▶ _What to produce_
Word for word, restate the entries below and exclude every image.

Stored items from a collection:
━━━━━━━━
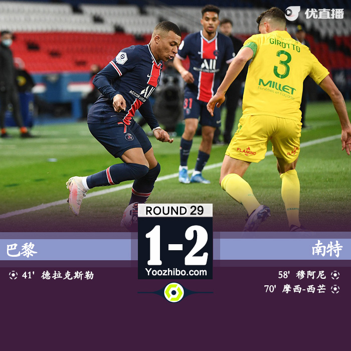 24直播网3月15日讯 北京时间03月15日星期一04:00,法甲第29轮巴黎圣日耳曼主场迎战南特。上半场,德拉克斯勒破门,巴黎半场1-0领先南特。下半场,姆巴佩回传失误送礼,穆阿尼传射,西芒反超比分。最终,巴黎主场爆冷1-2遭南特逆转。
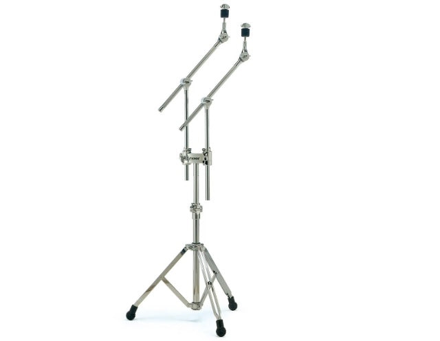 Support de cymbale double, double renfort, 2 bras de perche de cymbale avec inclinaison à engrenage fin, 3e pied rotatif indépendant
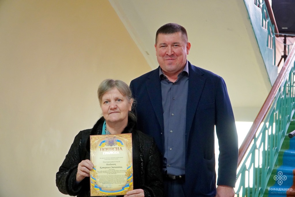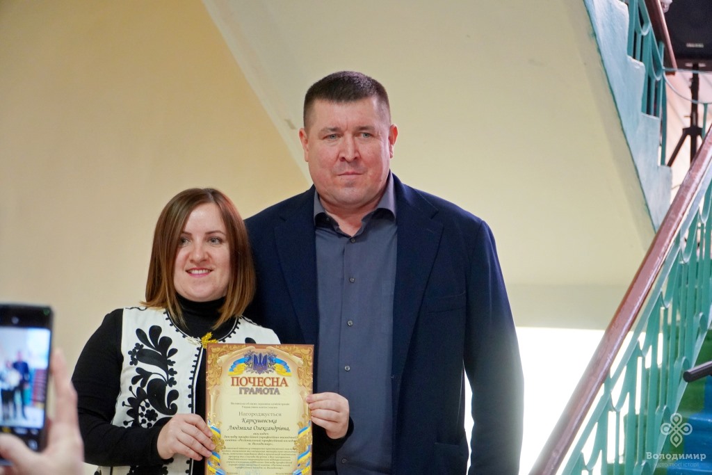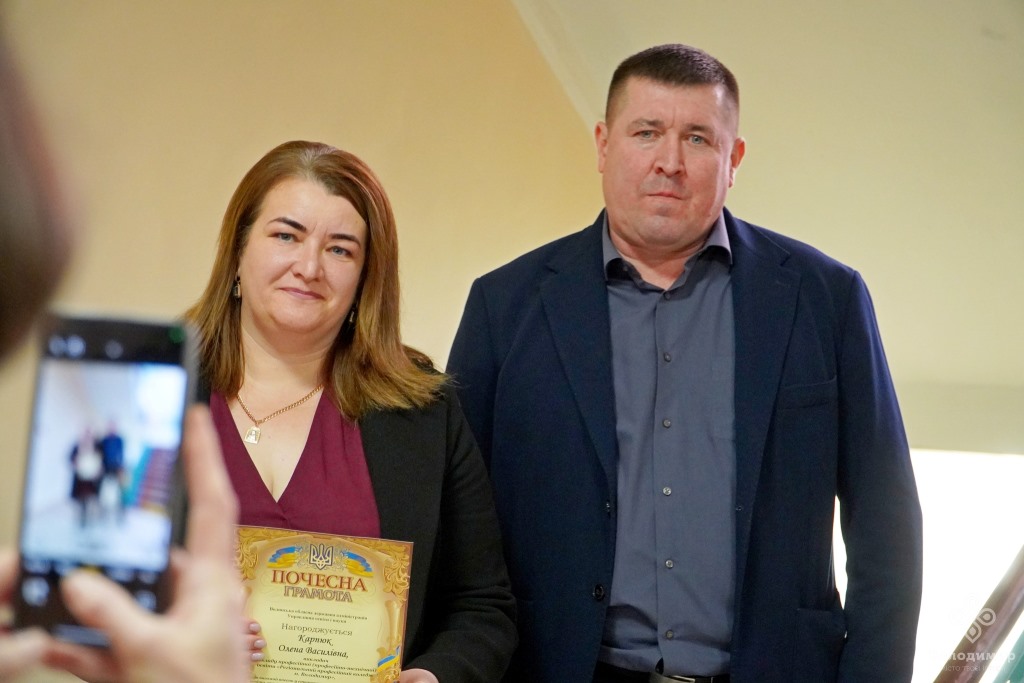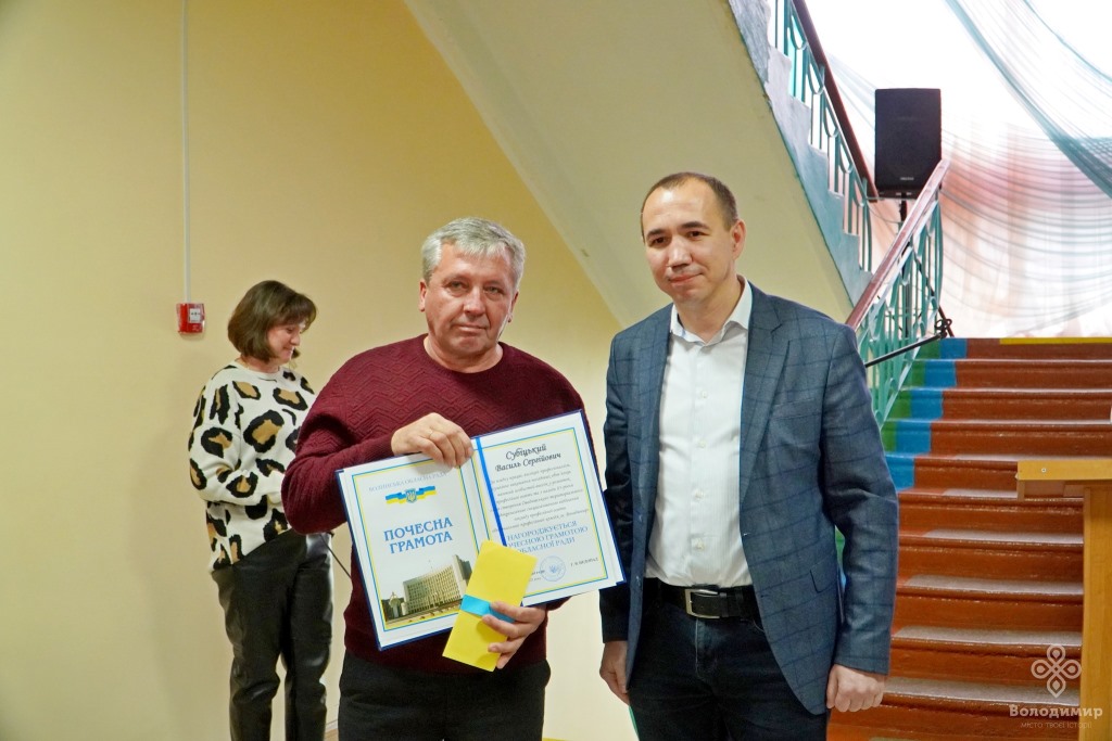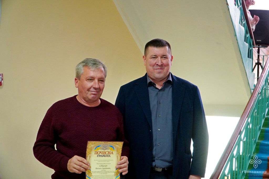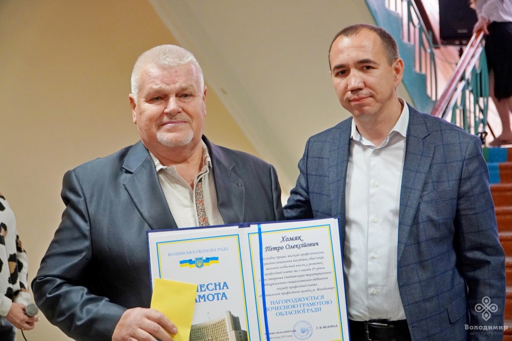 На останок Ярослав Матвійчук вручив почесні грамоти від голови обласної ради, яким за плідну працю, високий професіоналізм й вагомий особистий внесок у розвиток професійної освіти та з нагоди 85-річчя з дня створення Оваднівського територіального відокремленого спеціалізованого відділення закладу професійної освіти “Регіональний професійний коледж м. Володимир” були нагороджені Василь Субіцький та Петро Хомяк.
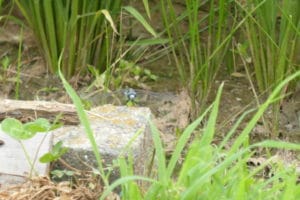 苗も生長していますが、田んぼ周辺に生息する生き物たちも成長しており、作業中にトンボが顔を見せてくれました。
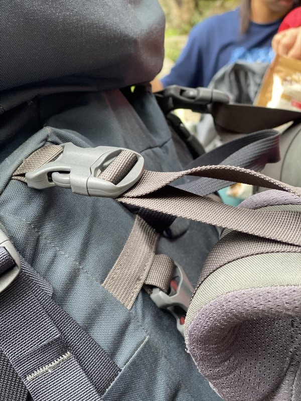 頂袋也能與背板(YOKE)結合,當成登頂包使?,不需要另外攜帶登頂包;不過組裝?式稍嫌繁瑣,使用完畢后,要把整個背板裝回去,需要再重新調整背?。背板上有刻度可以讓每一次的背長調整更快速,還是需要多練習才可以比較熟練;而我愿意帶一個登頂包上山,因此這個功能我比較使用不到。
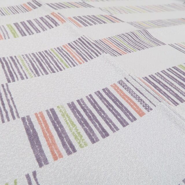 温もりある藤鼠色の彩色が放つ楚々とした艶、長方格子に込められた洗練モダンなデザインモチーフ、横段状の構図に揺らぐその表情は今をときめく創作小紋の魅力そのもの、正に“貴女を包む新しい日常”、柄行を微細なコントラストで大人色に表現したひと品、お奨めです。
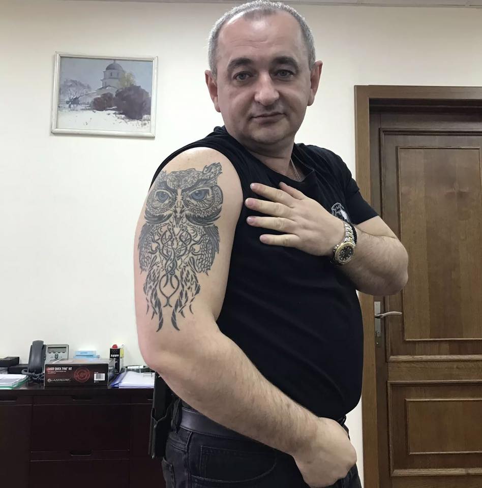 Это тату он показал еще в апреле 2017 года, пояснив, что он с одной стороны "белая ворона" в правоохранительных органах Украины, а с другой - "сова".
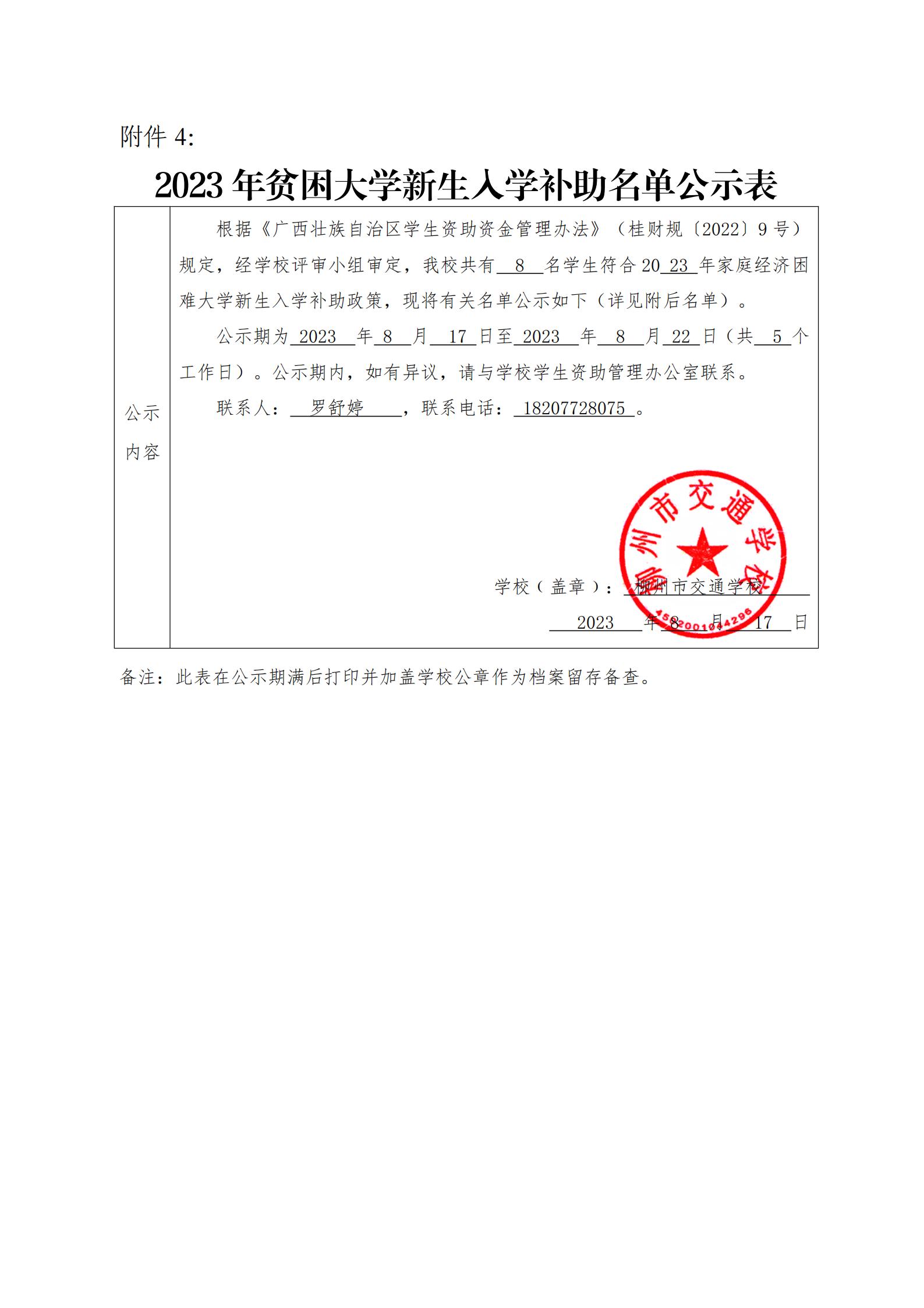柳州市交通学校2023 年贫困大学新生入学补助名单公示情况
━━━━━━━━
▶ _Solution to this problem_
 24直播网3月15日讯 北京时间03月15日星期一04:00,法甲第29轮巴黎圣日耳曼主场迎战南特。上半场,德拉克斯勒破门,巴黎半场1-0领先南特。下半场,姆巴佩回传失误送礼,穆阿尼传射,西芒反超比分。最终,巴黎主场爆冷1-2遭南特逆转。
 Support de cymbale double, double renfort, 2 bras de perche de cymbale avec inclinaison à engrenage fin, 3e pied rotatif indépendant
 На останок Ярослав Матвійчук вручив почесні грамоти від голови обласної ради, яким за плідну працю, високий професіоналізм й вагомий особистий внесок у розвиток професійної освіти та з нагоди 85-річчя з дня створення Оваднівського територіального відокремленого спеціалізованого відділення закладу професійної освіти “Регіональний професійний коледж м. Володимир” були нагороджені Василь Субіцький та Петро Хомяк.
 苗も生長していますが、田んぼ周辺に生息する生き物たちも成長しており、作業中にトンボが顔を見せてくれました。
 頂袋也能與背板(YOKE)結合,當成登頂包使?,不需要另外攜帶登頂包;不過組裝?式稍嫌繁瑣,使用完畢后,要把整個背板裝回去,需要再重新調整背?。背板上有刻度可以讓每一次的背長調整更快速,還是需要多練習才可以比較熟練;而我愿意帶一個登頂包上山,因此這個功能我比較使用不到。
 温もりある藤鼠色の彩色が放つ楚々とした艶、長方格子に込められた洗練モダンなデザインモチーフ、横段状の構図に揺らぐその表情は今をときめく創作小紋の魅力そのもの、正に“貴女を包む新しい日常”、柄行を微細なコントラストで大人色に表現したひと品、お奨めです。
 Это тату он показал еще в апреле 2017 года, пояснив, что он с одной стороны "белая ворона" в правоохранительных органах Украины, а с другой - "сова".
柳州市交通学校2023 年贫困大学新生入学补助名单公示情况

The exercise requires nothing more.